Not everything. Not the really bad parts. Not the parts I try not to think about.
I didn’t want to lie to Flores. But I didn’t want him to know how weak I was, how scared I still was of a man who was in jail now. He couldn’t hurt me and I didn’t want Flores to think I was stupid.
But I told him about my parents, and how I barely remember them but I think they were nice.
(I didn’t tell him that I remember my mother smelled like hyacinths.)
I told him I’d had a picture of my mom and dad, but that I’d lost it.
(I didn’t tell him that my uncle had ripped it up and laughed at me when I was eleven.)
I told him I’d moved in with my uncle, my dad’s brother, and his wife, and th
at she’d been nice but she moved away.
(I didn’t tell him about the bruises and the screaming and the dent in the wall that my uncle had hidden by moving a bookcase in front of it after my aunt had left.)
I did tell him, though, that my uncle was drunk a lot, and didn’t like me very much, and that I was glad when I was old enough to leave.
(I didn’t tell him that I’d stayed with my uncle long after my eighteenth birthday, because he scared me, but the world scared me more.)
I told him my uncle was a cop, and Flores looked sad, and reached across the table and took my hand in his and squeezed it.

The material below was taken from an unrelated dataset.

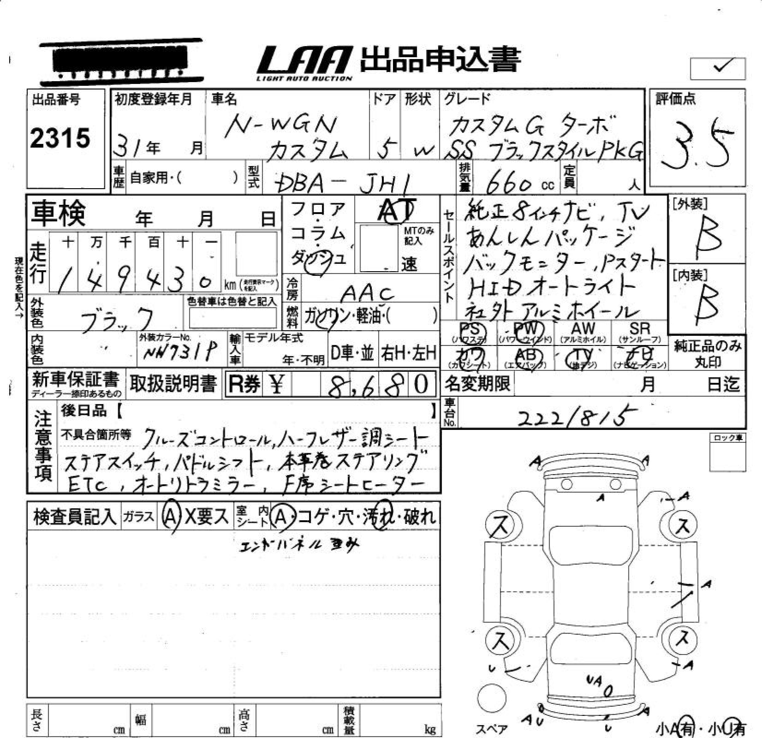 HONDA N-WGN - лот 2315

I talked for a long time, and then our food came, and I didn’t have to talk anymore. But after talking so much, the quiet felt too quiet, so I asked Flores about himself.
He had a million more stories about his family—his enormous family. His parents and a grandmother and two sisters and a brother, and an aunt and uncle and all their kids who’d lived across the street.
It made me remember my uncle’s house, and days that smelled like stale beer and cigarette butts and old sweat. Days when silence was the best I could hope for. Gray days and brown days. And I imagined Flores growing up in a world of noise and color and laughter, of spices and sweetness, and it made me a little sad, but mostly it made me happy for him.
I liked it when he talked. His voice was warm and low, and it was easy to get lost in it.
He told me about his job, and how he’d gone to college for a couple of years, and liked it fine but not loved it. He’d left when he was twenty-one—a year younger than I was now—and enrolled in the police academy. He said it like it was no big deal, but I saw him, younger, maybe smaller, maybe smooth-faced instead of bearded. He’d stopped doing what was expected, and he’d made his own choice, and he’d done well and been happy, and his family still loved him, and he saved people for a living.